[FoRK] Science without explicit theory
jbone at place.org
Sun Jul 6 10:45:30 PDT 2008
On Jul 6, 2008, at 12:37 PM, Jeffrey Winter wrote:
> The overall tone of the article is just wrong. He seems to imply
> a sort of phase change occurring at the data set size, which just
> isn't the case - or at least he doesn't off any real evidence that
> such a thing is happening.
There's a big difference between a data set with a million points and
one with 100 billion.
I don't know if "phase change" is really an appropriate metaphor, but
I'd conjecture that the number of interesting questions you can ask,
and the number of good predictions you can make based on extracted
models, goes up with the logarithm of the size of the data in terms of
number of examples.
> While I can appreciate the notion that large data sets - when the
> right algorithms are applied - can offer interesting insights, really
> it's a matter of resolution.
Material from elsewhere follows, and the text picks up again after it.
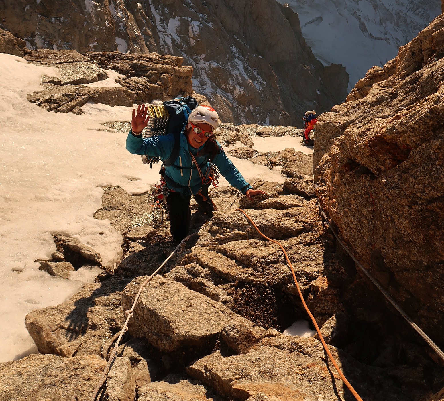 Climbing the Walker spur, Cassin route, in Grandes-Jorasses North Face.
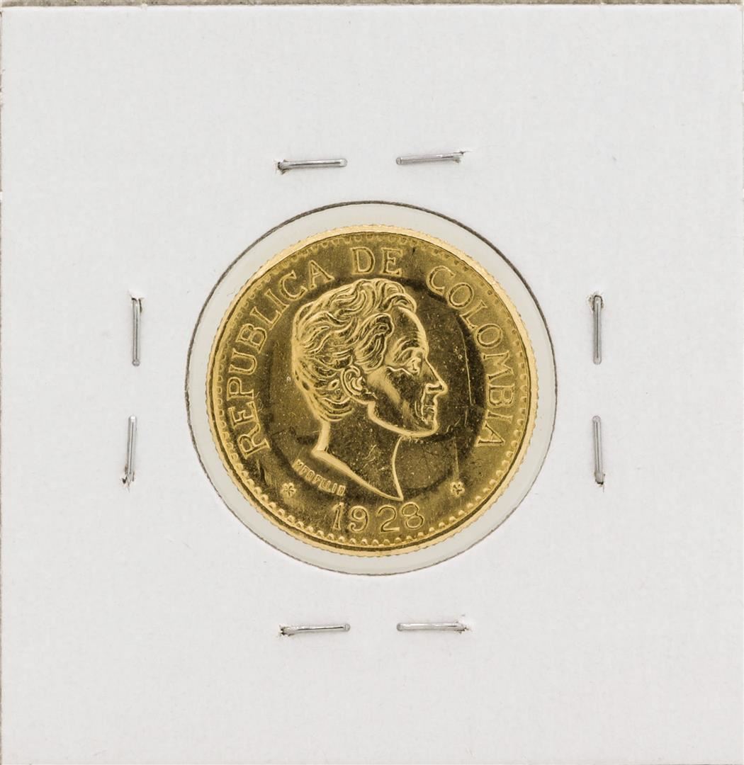 One 1928 Columbia 5 Pesos Gold Coin.

I suppose there is something akin to
> a theory lurking in the Bayesian network of relationships among
> the data points, but isn't the Bayesian analysis
> done up front - the meta-theory if you will - the more interesting
> aspect of this?
The meta-theory ain't what's paying my bills. ;-)
> Yes, there are immensely larger data sets to work with, but the
> insights gained from them are part of a continuum; nothing
> different is happening at this magical petabyte level - or at least
> the article doesn't show that it is.
It is weak on examples, I agree.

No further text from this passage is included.